Outra curiosidade é o fato de antes da abertura da Avenida Afonso Cavalcante, na Cidade Nova, a Escola de Enfermagem fazia parte do conjunto. Ali estudavam as filhas das elites e da classe média da época. Como era uma região de baixo meretrício, foi construído um túnel, para que as meninas pudessem passar dali ao hospital sem se misturar às mulheres da vida. O túnel ainda existe e está vedado nas extremidades. Hoje ainda há quem se lembre de que ali as mocinhas bem nascidas aproveitavam para fumar escondido e manter seus furtivos namoros.
Etapas da restauração
As obras de restauração do complexo, iniciadas em 2012 – após uma longa jornada burocrática que começou em 2002, envolvendo o Instituto Nacional do Patrimônio Histórico, por conta do tombamento, em 1983 – concluíram o bloco 7, o telhado, a fachada e esquadrias dos prédios 1, 2, 3, 5 e 6; e o anel de infraestrutura de água e esgoto e de lógica, com a instalação dos cabos de fibra ótica. E ainda a iluminação monumental, o sistema de pressurização do abastecimento de água e a bomba para combate a incêndio, correspondentes a investimentos de R$ 13 milhões. Ainda este ano, estão em andamento as obras de recuperação do telhado e da fachada do prédio 4, que consome mais R$ 1,5 milhão, e a instalação da torre para elevadores, que vai custar outros R$ 587 mil.

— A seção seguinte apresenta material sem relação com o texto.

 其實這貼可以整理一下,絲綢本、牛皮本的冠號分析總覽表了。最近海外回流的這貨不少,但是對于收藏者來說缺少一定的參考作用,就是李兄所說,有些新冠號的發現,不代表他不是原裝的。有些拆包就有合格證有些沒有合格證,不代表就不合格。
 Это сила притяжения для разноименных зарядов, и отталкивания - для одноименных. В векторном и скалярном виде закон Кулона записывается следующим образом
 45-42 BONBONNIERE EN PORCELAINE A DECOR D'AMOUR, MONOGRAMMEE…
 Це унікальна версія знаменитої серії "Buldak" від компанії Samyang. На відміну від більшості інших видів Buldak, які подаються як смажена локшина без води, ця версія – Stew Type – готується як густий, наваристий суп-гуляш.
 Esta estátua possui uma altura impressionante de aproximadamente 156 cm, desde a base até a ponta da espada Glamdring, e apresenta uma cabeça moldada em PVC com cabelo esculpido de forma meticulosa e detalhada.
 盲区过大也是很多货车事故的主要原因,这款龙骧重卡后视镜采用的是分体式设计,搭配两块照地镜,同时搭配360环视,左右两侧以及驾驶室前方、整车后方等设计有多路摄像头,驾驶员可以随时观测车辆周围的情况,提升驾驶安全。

A previsão, entretanto, era concluir as obras em 2016, no pacote Olimpíadas, já que o complexo fica na rota por onde passou a maratona. Como tudo depende de recursos, porém, o ritmo caiu na mesma proporção em que o dinheiro foi deixando de entrar. O que não caiu foi o volume de procedimentos realizados nos diversos setores que funcionam no local: só em 2017, foram 160.235, fora a atividade da Clínica da Família integrada ao complexo, além dos 260 alunos que circulam nas unidades de ensino, entre residentes multiprofissionais e mestrandos.

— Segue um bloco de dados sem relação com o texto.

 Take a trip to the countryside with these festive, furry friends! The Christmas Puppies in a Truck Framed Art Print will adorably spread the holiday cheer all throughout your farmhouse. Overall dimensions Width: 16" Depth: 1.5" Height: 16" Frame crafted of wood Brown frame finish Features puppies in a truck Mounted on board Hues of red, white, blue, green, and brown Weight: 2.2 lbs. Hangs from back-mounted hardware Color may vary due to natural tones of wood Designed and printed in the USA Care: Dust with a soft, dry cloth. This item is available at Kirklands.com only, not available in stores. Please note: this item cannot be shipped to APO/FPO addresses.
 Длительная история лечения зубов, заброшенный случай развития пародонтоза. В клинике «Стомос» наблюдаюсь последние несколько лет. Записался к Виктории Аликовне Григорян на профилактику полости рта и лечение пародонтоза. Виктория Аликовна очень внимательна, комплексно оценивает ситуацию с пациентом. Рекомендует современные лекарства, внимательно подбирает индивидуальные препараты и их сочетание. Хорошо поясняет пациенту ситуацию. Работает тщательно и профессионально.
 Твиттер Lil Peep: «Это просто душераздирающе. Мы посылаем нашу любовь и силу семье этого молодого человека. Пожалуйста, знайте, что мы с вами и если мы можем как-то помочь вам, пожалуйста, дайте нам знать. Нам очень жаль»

O instituto não tem emergência e oferece atendimento a pacientes dependentes de álcool e drogas, às doenças sexualmente transmissíveis, de exames de endoscopia à reabilitação neuropediátrica, para crianças com microcefalia, entre outros problemas. Em continuidade à vocação do complexo de cuidar, são disponibilizadas ainda terapias como florais de Bach a acupuntura. Quem passa pela Presidente Vargas constata que algo já mudou por ali, com as pichações da fachada já caiadas de um tom ocre, embora a base de granito ainda aguarde a limpeza que será feita com um caro material importado da Itália.
Para 2019, uma proposta espera a licença pela Câmara Federal para o orçamento de R$ 11 milhões, destinados à restauração dos prédios 5 e 6. Tudo, entretanto, vai depender da boa vontade dos parlamentares e não há previsão à vista para a conclusão das obras.